Po Wielkim Upadku dla większości z nas na Ziemi umarła nadzieja.
Asteroidy miały zapewnić nam nieograniczone zasoby, jednak ich obietnicę skradł skorumpowany monopolista.
Potężni narzucają status quo mające na celu ochronę swoich interesów, pozostawiając resztę z nas walczącą o resztki.
Mars to ostatnia szansa dla każdego, kto wciąż wierzy, że może coś ze sobą zrobić.
Czas przedstawić swoje roszczenia.
Czas udać się do Offworld.
Jest rok 2063. Ostatnie pokolenie doświadczyło szeregu katastrofalnych niepowodzeń, przez co nawet najbardziej optymistyczni z nas zwątpili w swoją przyszłość. Ziemia przeżyła Wielki Upadek: ogólnoświatowy krach na rynku napędzany ludzką chciwością i osiągnięty przez zbuntowaną sztuczną inteligencję. Doszło także do Czerwonej Katastrofy, która pozostawiła na powierzchni Marsa upadłe i wymierające sponsorowane przez rząd kolonie.
W atmosferze strachu potężny Syndykat przejął władzę i zażądał wyłącznych praw do bogatego w zasoby pasa asteroid. Napędzany ogromnymi złożami metali szlachetnych i innych materiałów, Syndykat stał się wyłącznym pożyczkodawcą dla rządów światowych. Nikt nie był bezpieczny przed ich kontrolującą ręką, a po przywróceniu więzienia dla dłużników pozostałe wolne kraje świata zdecydowały, że należy zrobić coś drastycznego.
Iskra potrzebna do rozpalenia ludzkiego ducha leżała poza światem. Rządy świata były zdeterminowane ponownie założyć kolonie na Marsie, mając nadzieję na odzyskanie kontroli nad ich przyszłością od lichwiarskich pożyczkodawców Syndykatu.

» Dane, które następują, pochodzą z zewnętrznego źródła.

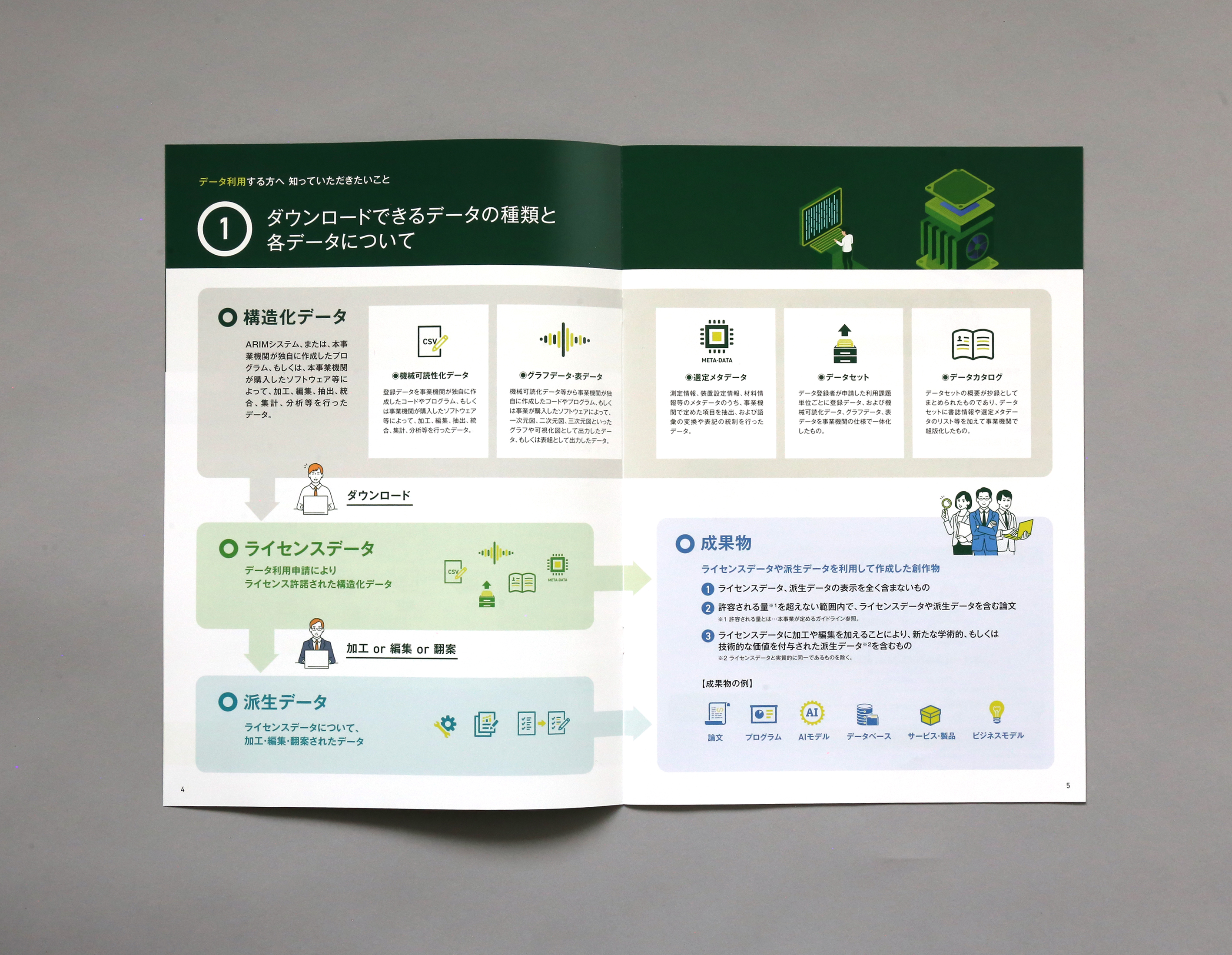研究データを利用、および登録する際の注意事項や知的財産権などの定義を図や表、イラストを用いて簡略化。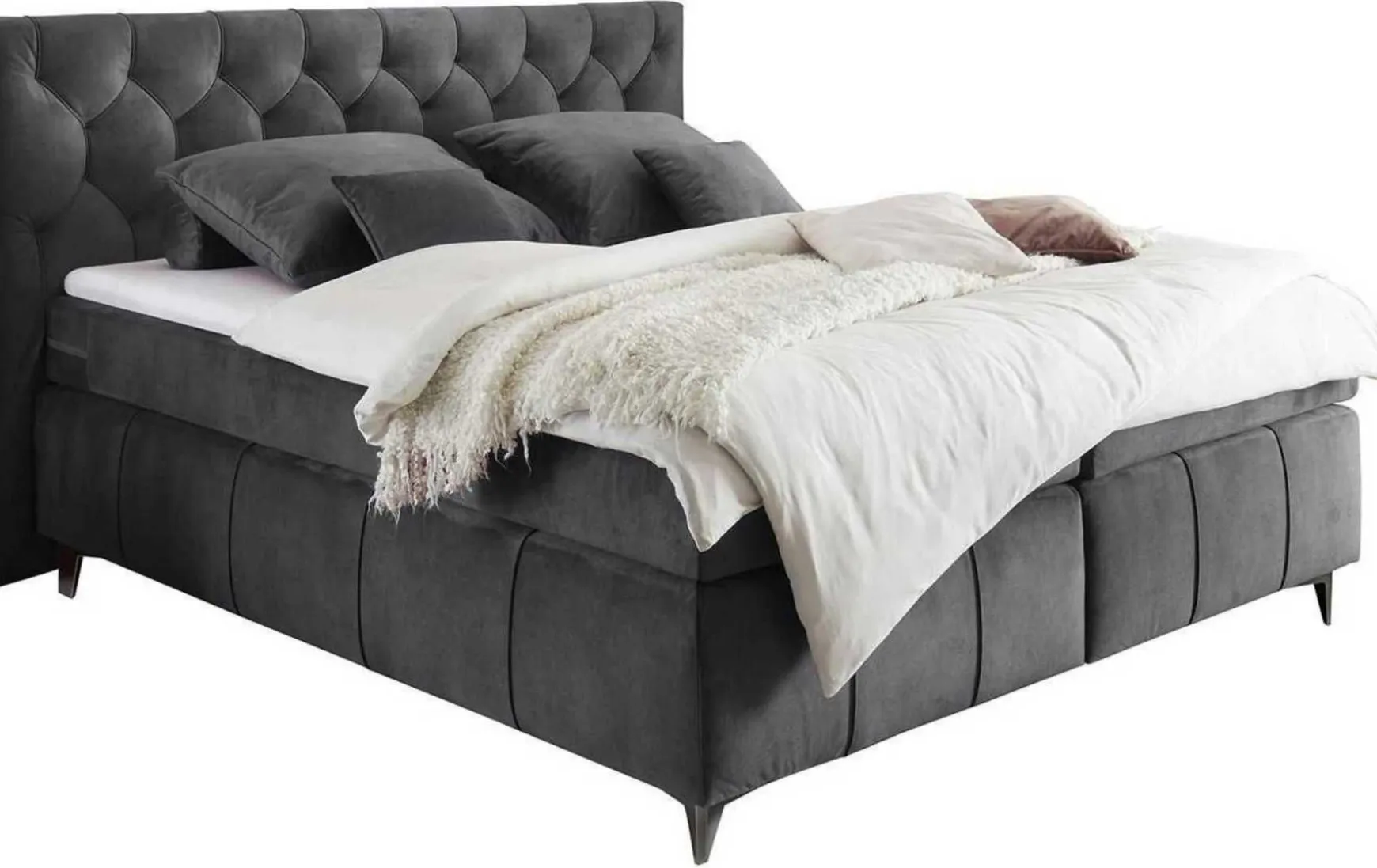 Dieses gemütliche Boxspringbett ist ein Highlight in jedem Schlafzimmer. Die Steppung im Kopfteil lässt das Bett besonders edel aussehen. Aufgebaut ist das Bett mit einer Box aus Federkern, darauf liegt eine Tonnentaschen-Federkern-Matratze. Zum Abschluss folgt der weiche Topper mit Klimaband, den Sie bei bis zu 40°C waschen können. Design, Qualität und Komfort – hier wurde wirklich an alles gedacht!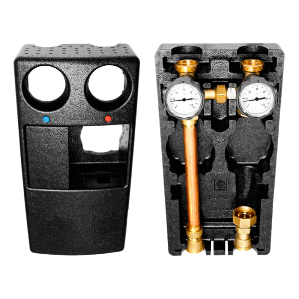Комплектація складається із запірного вузла з 2 кульовими кранами і 2 термометрами (без байпасу), 1 зворотного клапана, 1 подовжує вставки, теплоізоляційного короба.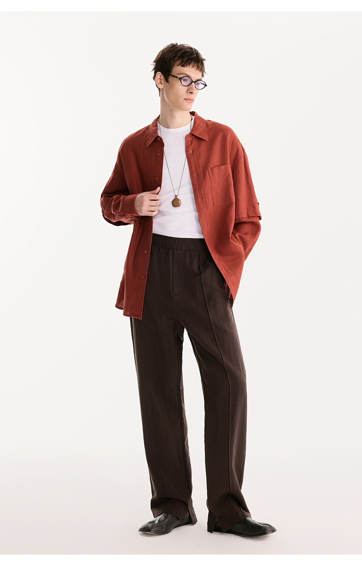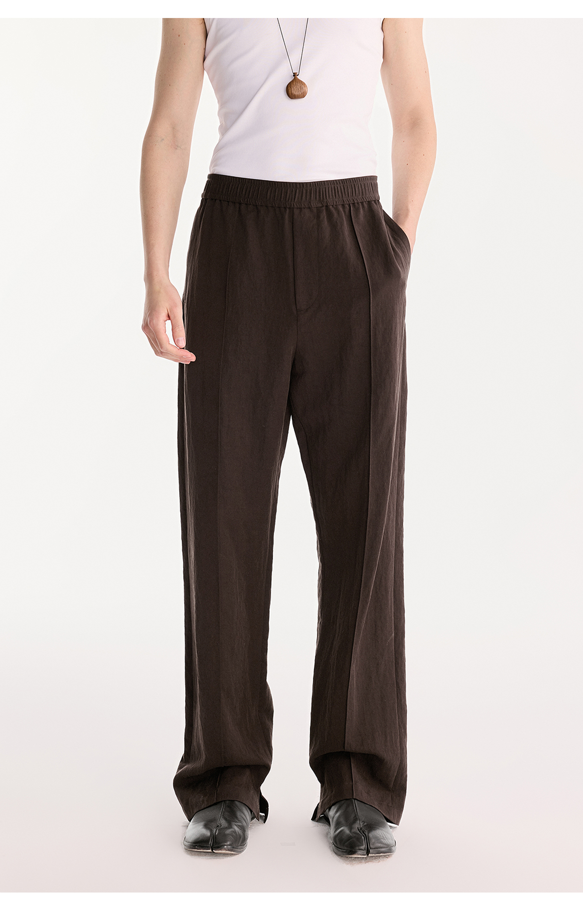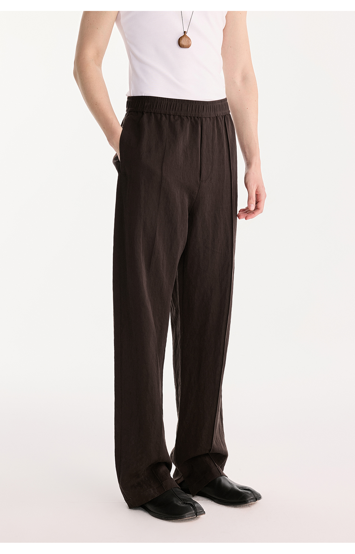 棉仓3621018003-【深咖情节】松弛感松紧腰锥形休闲长裤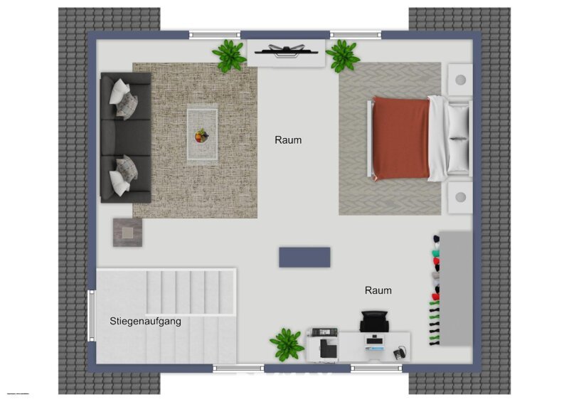 Das Obergeschoss umfasst ca. 49 m² und eignet sich hervorragend als Rückzugsort mit Schlaf- und Kinderzimmern oder einem großzügigen Arbeitsbereich. Auch hier sind der Fantasie bei der Raumplanung keine Grenzen gesetzt.

Próbując tym razem zrobić wszystko inaczej i uniknąć drugiej Czerwonej Katastrofy, najlepszym rozwiązaniem wydawał się wolny rynek oparty na konkurencji i merytokracji. Dawno minęły czasy dotacji i zautomatyzowanych transakcji elektronicznych. Biznes każdej kolonii zostałby wygrany na polu bitwy gospodarczej i tylko najbardziej udane przedsięwzięcia będą mogły być kontynuowane.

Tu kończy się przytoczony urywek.